There are some implications following from these requirements.  "Importing" something means that we need to be creating an alias for a variable, instead of creating a new variable that contains the same value as the source variable.  We need some way of distinguishing identifiers that came from different modules, so that when a macro expands into a "bar" the compiler knows whether that's supposed to be the source bar or the target bar.

One way to do this is to enrich symbols with namespace information.  Thus identifiers passed to the macro would already be marked with the target namespace, and the macro could expand into symbols either in its own namespace or in the target namespace.  This is how Clojure works, at least as I understand it just from skimming the documentation.  (I may be wrong in the details).

Another approach is rather than passing symbols to a macro, instead pass in syntax objects which include information such as the source module, whether the identifier is a lexical variable or a global variable, as well as useful information such as the source line number.  This is Racket's approach.

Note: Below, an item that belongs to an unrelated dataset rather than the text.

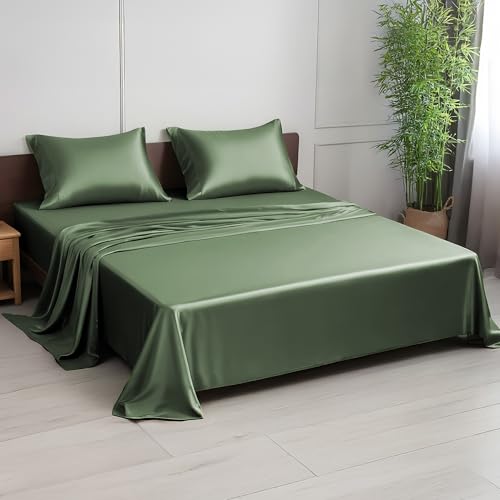 Linenwalas Bäddset i superking-storlek, 300 trådtäthet, 100 % bambu, sval satin, silke, bäddset med 1 dra-på-lakan, 1 lakan och 2 örngott (superking-storlek/avokadogrönt)

The two approaches don't actually need to be mutually exclusive.  Scheme has a long tradition of making everything into disjoint types, so in Racket symbols are one type and syntax objects are a different type.  But we could probably enrich symbols with syntax information instead.  If we have syntax information, then we might as well make it available to macros: a macro might find it useful to know whether an identifier is a lexical variable or not.

A form like (let x ...) does two things: it allocates a variable, and it's setting up a "mini namespace" that says that an identifier "x" in the body will refer to that variable.  I can imagine we might be able to separate these into more primitive operations, so that perhaps we could explicitly say what we wanted "x" to refer to (which might then be an "import" of a variable from another module).

However, other things are higher priority for me.  I realize that modules are important for a lot of people, but for me personally, if there's a conflict in a macro expanding into a helper function "bar" I just rename the helper function and keep on going... it's not a big deal.  So I'll be putting modules on the back burner for now while I work on other stuff.

Modules Unsolved

In A solution for using macros with namespace modules I thought I had found a solution for using macros and modules. To have a macro expand into a helper function, I suggested having the macro expand into the function value (instead of expanding into a symbol referring to the function value).  But as rocketnia pointed out, this means that redefining or extending the function after the macro has been expanded won't affect the code using the macro: the expanded code will still be referring to the old function.

If today I wanted to use a macro "foo" that expanded into a function "bar", but I had something of my own that I wanted to call "bar" myself, I'd simply rename the macro's helper function and give it a globally unique name such as "bar-h7kM2FpZ".  This wouldn't be a completely transparent solution (if I printed the name of the helper function I'd see "bar-h7kM2FpZ"), but I'm not thinking of a situation off hand where that would bother me.  So maybe some kind of simple abbreviation system would be good enough.

Reifying Dependencies

In my previous post about unprotected variation, I explained how this style of programming led to ending up with a larger number of smaller, simpler libraries and functions than what one usually sees with more conventional programming.  Arc is an example of this style: it tries to protect very little, and the resulting code is strikingly simple.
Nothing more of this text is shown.